Godot Engine adlı popüler bir açık kaynaklı oyun motoru, yeni bir sistemin parçası olarak kötüye kullanılıyor Tanrı Yükleyici En az Haziran 2024’ten bu yana 17.000’den fazla sisteme bulaşan kötü amaçlı yazılım kampanyası.
Check Point Çarşamba günü yayınlanan yeni bir analizde, “Siber suçlular, kötü amaçlı komutları tetikleyen ve kötü amaçlı yazılım dağıtan hazırlanmış GDScript kodunu yürütmek için Godot Engine’den yararlanıyor.” dedi. “Teknik, VirusTotal’daki neredeyse tüm antivirüs motorları tarafından tespit edilemiyor.”
Savunmacılar yeni korkuluklar dikmeye devam ederken, tehdit aktörlerinin sürekli olarak kötü amaçlı yazılım dağıtmalarına yardımcı olabilecek yeni araç ve teknikler arayışında olmaları ve bir yandan da güvenlik kontrolleri tarafından tespit edilmekten kaçınmaları şaşırtıcı değil.
En yeni eklenti, kullanıcıların Windows, macOS, Linux, Android, iOS, PlayStation, Xbox, Nintendo Switch ve web dahil olmak üzere platformlarda 2D ve 3D oyunlar tasarlamasına olanak tanıyan bir oyun geliştirme platformu olan Godot Engine’dir.
Çoklu platform desteği, aynı zamanda, saldırı yüzeyini etkili bir şekilde genişleterek, cihazları geniş ölçekte hedeflemek ve etkilemek için bundan yararlanabilen düşmanların elinde onu çekici bir uygulama haline getiriyor.
Kampanyayı öne çıkaran şey, GodLoader için bir dağıtım vektörü olarak Stargazers Ghost Network’ü (bu durumda yaklaşık 200 GitHub deposu ve 225’ten fazla sahte hesaptan oluşan) kullanmasıdır.

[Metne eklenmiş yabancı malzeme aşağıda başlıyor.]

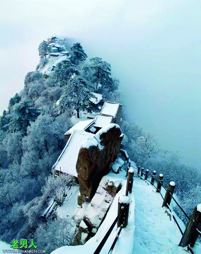 Горы Хуашань (华山), высота которых над уровнем моря составляет 2200 м, признаны опасными для восхождения туристов. Горная тропа до самой высокой вершины протянулась на 12 км, ее обступают отвесные скалы и утесы. С древности бытует поговорка «До вершины Хуашань с древности проложена и функционирует только одна тропа». У Хуашань имеется 5 пиков, из которых Восточный, Западный и Южный – наиболее высокие. С Восточного пика лучше всего любоваться восходами солнца. Западный пик по виду напоминает цветок лотоса и считается самым красивым в Хуашань. Южный пик является самым высоким в этих горах.

Check Point, “Bu hesaplar, GodLoader’ı dağıtan kötü amaçlı depoları barındırıyor ve bu da onların meşru ve güvenli görünmesini sağlıyor” dedi. “Depolar, öncelikle geliştiricileri, oyuncuları ve genel kullanıcıları hedef alan dört ayrı dalga halinde yayınlandı.”
12 Eylül, 14 Eylül, 29 Eylül ve 3 Ekim 2024’te gözlemlenen saldırıların, yükleyici kötü amaçlı yazılımını düşürmek için paket (veya .PCK) dosyaları olarak da bilinen Godot Engine yürütülebilir dosyalarını kullandığı tespit edildi. RedLine Stealer ve XMRig kripto para madencisi gibi son aşama yüklerini bir Bitbucket deposundan indirmek ve yürütmek için.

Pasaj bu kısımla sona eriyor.